# Samsung p2370ms led monitor for ps3 and tv



## santoshk87 (Aug 10, 2011)

I am planning to buy samsung p2370ms monitor for playing games on ps3 and connecting it to my tata sky hd box for viewing tv. Will it be good for using as a tv for most of the time (with tata sky) and occasionally playing games on ps3 ? My budget is 15000 INR, so cannot buy a similar led hdtv.

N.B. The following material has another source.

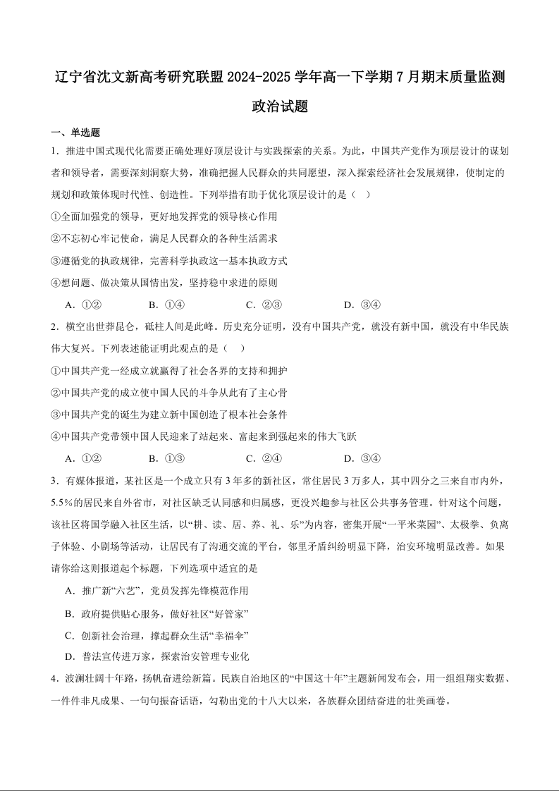 辽宁省沈文新高考研究联盟2024-2025学年高一下学期7月期末考试政治+答案

But now i found out that samsung p2370ms is lcd, not led. I want a similar 23" hd led monitor which can connect to tata sky hd directly without any tv tuner card. Please suggest any good LED monitor which has mutiple connectivity options like samsung p2370ms.


----------



## thetechfreak (Aug 10, 2011)

DELL Ultrasharp U2311H	

and refer a bit to this thread -
*www.thinkdigit.com/forum/peripherals/144334-how-connect-tata-sky-my-pc.html


----------



## santoshk87 (Aug 11, 2011)

Dell U2311H doesnt have HDMI. also its not LED. i dont want any tv tuner card. I want a 23" LED monitor which can be connected directly to Tata sky hd box and ps3. And if i want to settle for lcd, I can buy Samsung p2370 ms as well which has plethora of connectivity options.


----------



## santoshk87 (Aug 11, 2011)

Dell U2311H does not have HDMI. Also it is LCD. I want a 23" LED monitor which can be connected to tata sky hd box directly without a tv tuner card. And if i have to settle for LCD itself, i can very well buy samsung p2370ms which has a plethora of connectivity options.

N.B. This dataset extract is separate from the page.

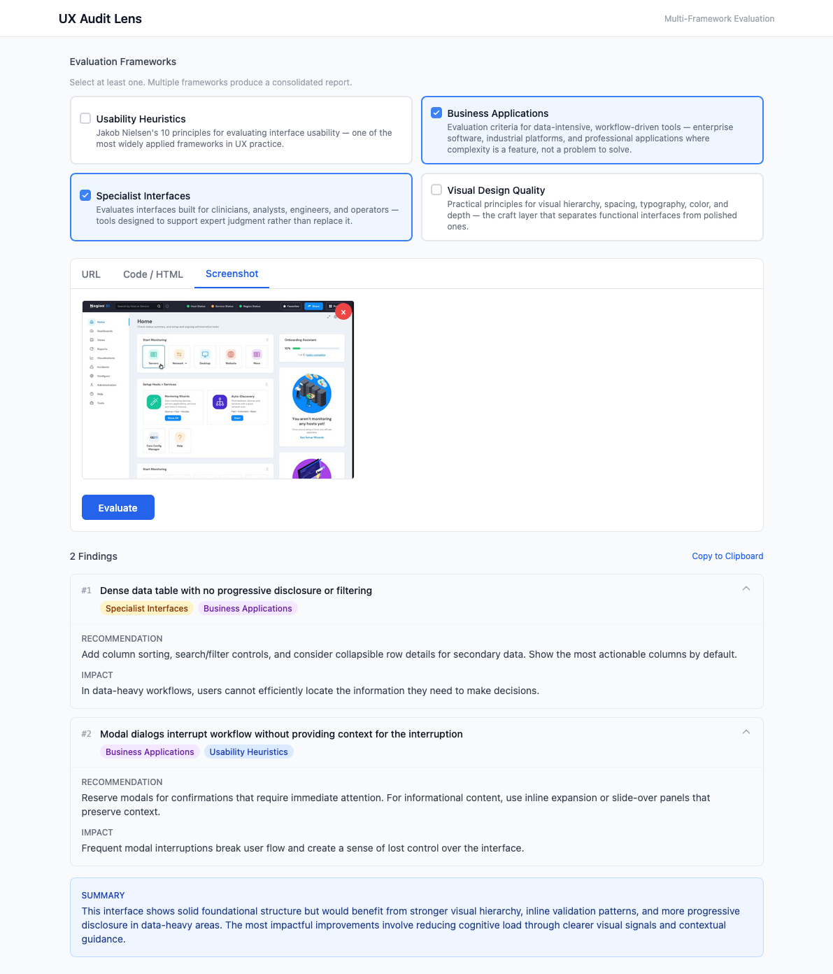 Most design reviews rely on gut feel or a single checklist. UX Audit Lens runs your interface through multiple UX frameworks at once — paste a URL, upload a screenshot, or drop in code — and returns findings tagged by evidence-based principles drawn from established UX research and standards.

Please suggest a good 23" LED monitor which can be connected directly to tata sky hd box without a tv tuner card. It will be used as a tv for most of the time.


----------



## d6bmg (Aug 11, 2011)

santoshk87 said:


> Dell U2311H does not have HDMI. Also it is LCD. I want a 23" LED monitor which can be connected to tata sky hd box directly without a tv tuner card. And if i have to settle for LCD itself, i can very well buy samsung p2370ms which has a plethora of connectivity options.
> 
> Please suggest a good 23" LED monitor which can be connected directly to tata sky hd box without a tv tuner card. It will be used as a tv for most of the time.



I would suggest you to increase your budget a bit if you want to go for LED monitors.


----------



## santoshk87 (Aug 11, 2011)

I saw Benq EW2430 V which is a 24" led monitor. cost is 17,200 i guess. Will it be good when compared to samsung 2370 ms. Main function will be tv usage with tata sky hd.


----------